DATA FOR THIS EXERCISE START
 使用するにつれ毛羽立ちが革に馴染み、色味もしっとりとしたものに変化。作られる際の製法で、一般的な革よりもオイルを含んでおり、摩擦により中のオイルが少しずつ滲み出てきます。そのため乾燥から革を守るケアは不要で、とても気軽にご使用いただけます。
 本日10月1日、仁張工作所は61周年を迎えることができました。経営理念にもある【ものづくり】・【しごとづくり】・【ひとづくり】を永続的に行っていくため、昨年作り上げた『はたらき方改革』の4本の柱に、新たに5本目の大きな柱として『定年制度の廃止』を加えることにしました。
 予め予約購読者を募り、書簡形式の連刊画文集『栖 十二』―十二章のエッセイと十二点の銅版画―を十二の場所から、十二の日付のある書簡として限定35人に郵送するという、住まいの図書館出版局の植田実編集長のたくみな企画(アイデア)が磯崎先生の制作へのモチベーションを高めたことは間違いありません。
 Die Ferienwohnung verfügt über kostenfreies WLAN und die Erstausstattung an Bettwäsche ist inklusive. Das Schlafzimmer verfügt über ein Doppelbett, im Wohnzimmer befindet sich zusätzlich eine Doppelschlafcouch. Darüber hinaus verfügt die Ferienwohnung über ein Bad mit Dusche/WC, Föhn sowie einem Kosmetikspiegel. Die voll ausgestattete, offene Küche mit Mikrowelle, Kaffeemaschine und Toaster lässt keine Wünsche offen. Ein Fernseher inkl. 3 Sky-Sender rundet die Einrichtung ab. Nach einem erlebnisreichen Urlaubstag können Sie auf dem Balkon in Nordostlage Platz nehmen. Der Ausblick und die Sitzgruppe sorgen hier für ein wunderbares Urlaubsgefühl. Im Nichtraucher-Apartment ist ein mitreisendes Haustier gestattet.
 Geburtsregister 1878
DATA FOR THIS EXERCISE END
DATA FOR THIS EXERCISE START
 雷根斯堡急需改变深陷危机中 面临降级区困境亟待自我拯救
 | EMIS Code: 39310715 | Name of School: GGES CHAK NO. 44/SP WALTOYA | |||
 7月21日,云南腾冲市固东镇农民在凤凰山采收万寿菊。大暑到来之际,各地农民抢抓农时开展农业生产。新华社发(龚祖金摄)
DATA FOR THIS EXERCISE END
• _WHAT IS NEEDED_
The entries above hold the needed span. Transcribe exactly the lines from the one with "使用するにつれ毛羽立ちが革に" to the one with "予め予約購読者を募り、書簡形", both included.

• _THE COMPLETED TASK_
 使用するにつれ毛羽立ちが革に馴染み、色味もしっとりとしたものに変化。作られる際の製法で、一般的な革よりもオイルを含んでおり、摩擦により中のオイルが少しずつ滲み出てきます。そのため乾燥から革を守るケアは不要で、とても気軽にご使用いただけます。
 本日10月1日、仁張工作所は61周年を迎えることができました。経営理念にもある【ものづくり】・【しごとづくり】・【ひとづくり】を永続的に行っていくため、昨年作り上げた『はたらき方改革』の4本の柱に、新たに5本目の大きな柱として『定年制度の廃止』を加えることにしました。
 予め予約購読者を募り、書簡形式の連刊画文集『栖 十二』―十二章のエッセイと十二点の銅版画―を十二の場所から、十二の日付のある書簡として限定35人に郵送するという、住まいの図書館出版局の植田実編集長のたくみな企画(アイデア)が磯崎先生の制作へのモチベーションを高めたことは間違いありません。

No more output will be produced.